Don't forget the explain like I am 10 bitty.

Problem 1
How come there is no square to the power of 2? Don't understand.

So the answer 0.05 x 0.05 = 0.0025

So the chances of 1 tooth developing a problem is 0.25%? and what is the chance of both teeth developing a problem?

Problem two - are you saying there is a 1% chance in general or a 1% chance given the event with a 4% chance occurs?


A 1% chance given the event with a 4% chance.

Thanks for your maths prowess, and where does it come from? I did ask a while back, I am curious.

 

[jpod]

Understood, thank you.

Ok problem 1 (two teeth)
Chance of both teeth developing a problem is 0.05*0.05 = 0.025 which is 2.5% chance

Chance of one tooth developing a problem is 2 * 0.05 * 0.95 = 0.005 which is a 9.5% chance

That explanation is brilliant I get it, ty.

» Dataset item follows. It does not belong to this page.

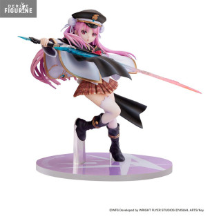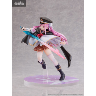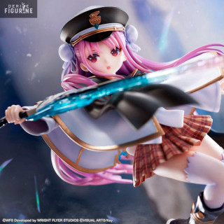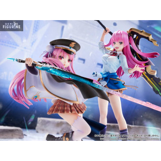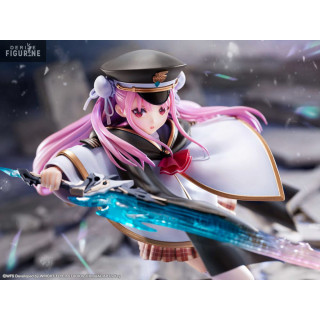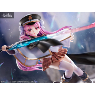The Tama Kunimi figurine from the Heaven Burns Red video game features Tama in a dynamic pose, armed with her sword. Despite her appearance, she is actually a former battleship captain, defeated in a battle at the Sea of Okhotsk. Tama is naturally airheaded, but she doesn't seem to realize this trait. She has great admiration for her teammate from Group 31A, Megumi Aikawa, who always protects her. Plus, she's complex about her short stature, which adds an interesting dimension to her development as a character in the game.

Chance of no problem is 0.95 * 0.95 = 0.9025 which is a 90% chance


Ok Problem 2, going to have a think about that one.

 

[jpod]

The probabilities are per tooth by the way. There is one patient, one individual.

 

[jpod]

Howdy, thanks for posting, have a look at the new problem, post #38

They are all independent risks, problem one has the individual patient has 2 teeth, problem 3 the patient has 3 teeth.

 

[jpod]

Lol

I have had a go and I can't figure it out. I am too confused, sorry.

Problem 1
2 teeth one patient, independent risks of 5%
So is this correct

Chance of no problems 1 - 2*(0.95 * 0.95)

Chance of one tooth out of two with problems 1 - 2*(0.05 * 0.95)

Chance of two teeth with problems 1 - 2*(0.05 * 0.05)


(Can't understand why there is no to the power of 2)

 

[jpod]

Both Teeth = 0.05 x 0.05 = 0.25%
Neither Teeth = 0.95 x 0.95 = 90.25%
Either Tooth (remaining option) = 100 - 90.25 - 0.25 = 9.5%

Understand that. Thank you, appreciated.

So problem 2
3 teeth, same patient, independant risks
Risk 1 5% chance = 0.05
Risk 2 4% chance, 0.04, of those 1% require treatment, chance = 0.0004

I need to figure out the % chance of the complications with the need for treatment:
No tooth complication
1 tooth comp
2 teeth comp
3 teeth comp

Is no tooth complication 1 - (0.95*0.9996)/\3 = 0.14 or 14% chance?

 

[jpod]

(Shh...he is very strict, don't upset him or he will make it 4 decimal placemats).

Fellas that is exactly what I needed, thank you for taking the time to post such crystal clear proofs. I am very grateful indeed. It may interest you to know that once again your uber maths prowess has benefited my professional practice and patient care.

PS
I got the point about the irrelevant consideration, 5% v the very small %, made perfect sense.

Once I have had a look if I get stuck may I post again.